O “Novo Modelo de Financiamento da Atenção Básica”, apresentado pelo Ministério da Saúde no fim do mês de outubro, pode descaracterizar o modelo de assistência da Estratégia de Saúde da Família (ESF), que atua para a efetivação da horizontalidade e mudanças consistentes no perfil epidemiológico de comunidades a longo prazo, por meio de visitas domiciliares, vigilância em saúde e planejamento territorial, ações permitidas pelo financiamento de caráter universal.
Este mesmo tipo de financiamento garante a manutenção do NASF (Núcleos de Apoio à Saúde da Família), formados por outros profissionais de saúde (nutricionistas, psicólogos, terapeutas ocupacionais, educadores físicos, farmacêuticos, etc...e que nem são citados) apoiam ESF e garantem maior qualificação e suporte da assistência, e que portanto podem estar como os dias contados. O NASF nem chega a ser CITADO neste novo modelo de financiamento, que propõe a valorização de médicos, enfermeiros e cirurgiões dentistas por meio de residências, deixando outros profissionais da saúde de lado.
Além disso, essa medida gerará impacto negativo em regionais de saúde com menor capacidade instalada e de acesso mais difícil, concentrando a procura em grandes centros (aos moldes do antigo Inamps), gerando ainda mais desigualdades regionais e aumentando ainda mais a pressão sobre a gestão municipal. Apesar de dizer que será dada maior atenção, não fica claro o modo como serão recompensados.
Por último, este novo modelo, apesar de ter sido apresentado em Comissão Intergestores Tripartite (CIT), foi imposto verticalmente à sociedade civil sem discussão e participação social democrática, desconsiderando a participação do Conselho Nacional de Saúde. Seus números e proposições, apresentados por um documento de Powerpoint sem referências, não apresenta um diagnóstico concreto da atualidade, por isso não se tem exatamente uma análise profunda das barreiras e inconsistências do modelo atual, e porque um novo modelo de financiamento seria justificável.

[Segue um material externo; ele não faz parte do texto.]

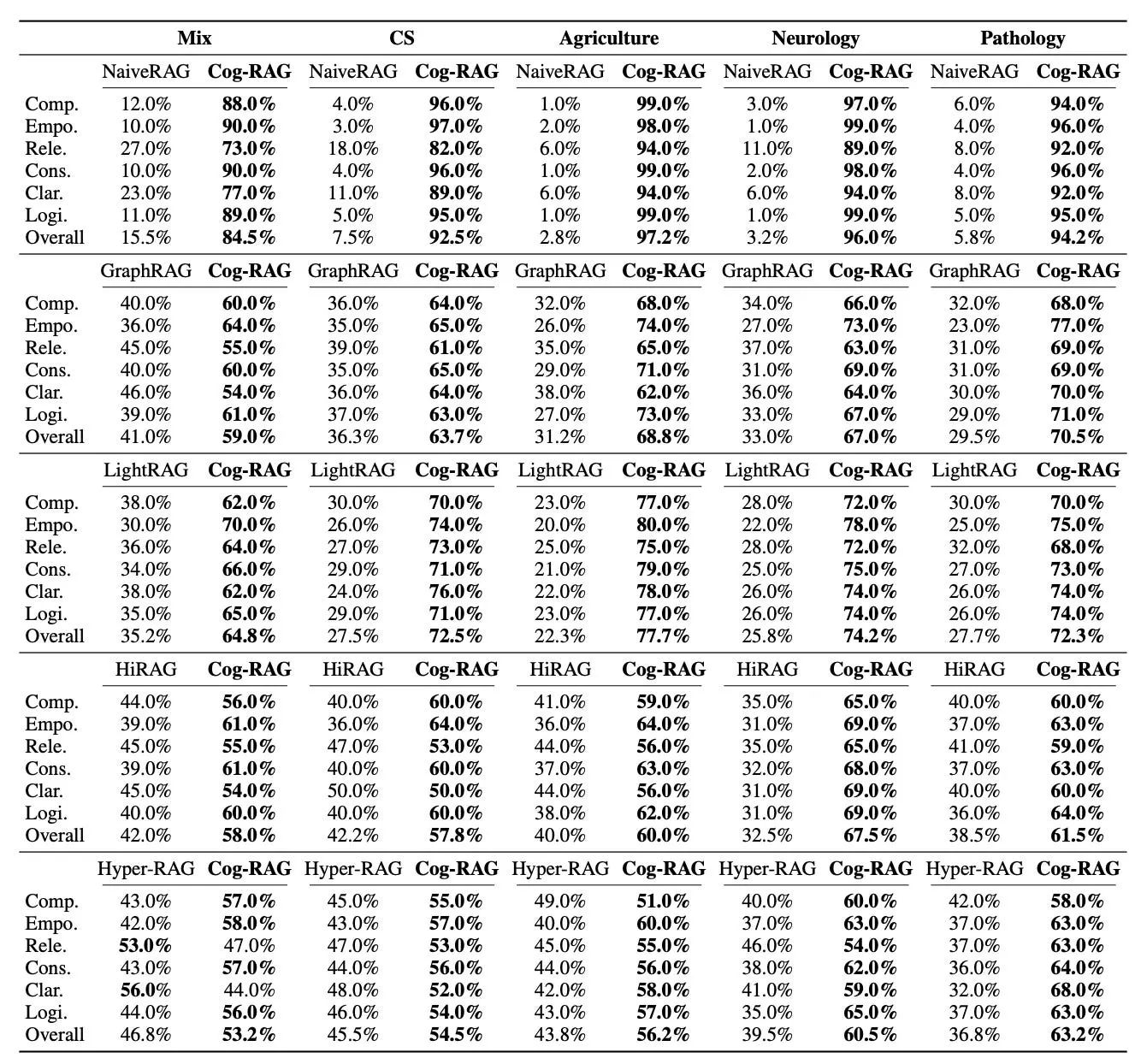 Cog-RAGは、GraphRAGやLightRAG、Hyper-RAGといった既存の最先端手法と比較して、多様なデータセット(医療、コンピュータサイエンス、農業など)や複数のLLMにおいて、包括性・関連性・論理性などのあらゆる評価基準で大幅に優れたパフォーマンスを達成。

Além disso, este Powerpoint não traz análises de impacto por meio de dados confiáveis, ou mesmo experiências de êxito que justifiquem a mudança, levantando suspeitas sobre os reais objetivos desta proposição.
Em suma, o peso será jogado nas gestões municipais, que já possuem capacidade de financiamento local limitada, e que por isso vão pressionar ainda mais as equipes de ESF, que por sua vez podem ver seu trabalho sendo reduzido a números, às custas de um trabalho ainda mais exaustivo e ineficiente em sua capacidade de curar as pessoas.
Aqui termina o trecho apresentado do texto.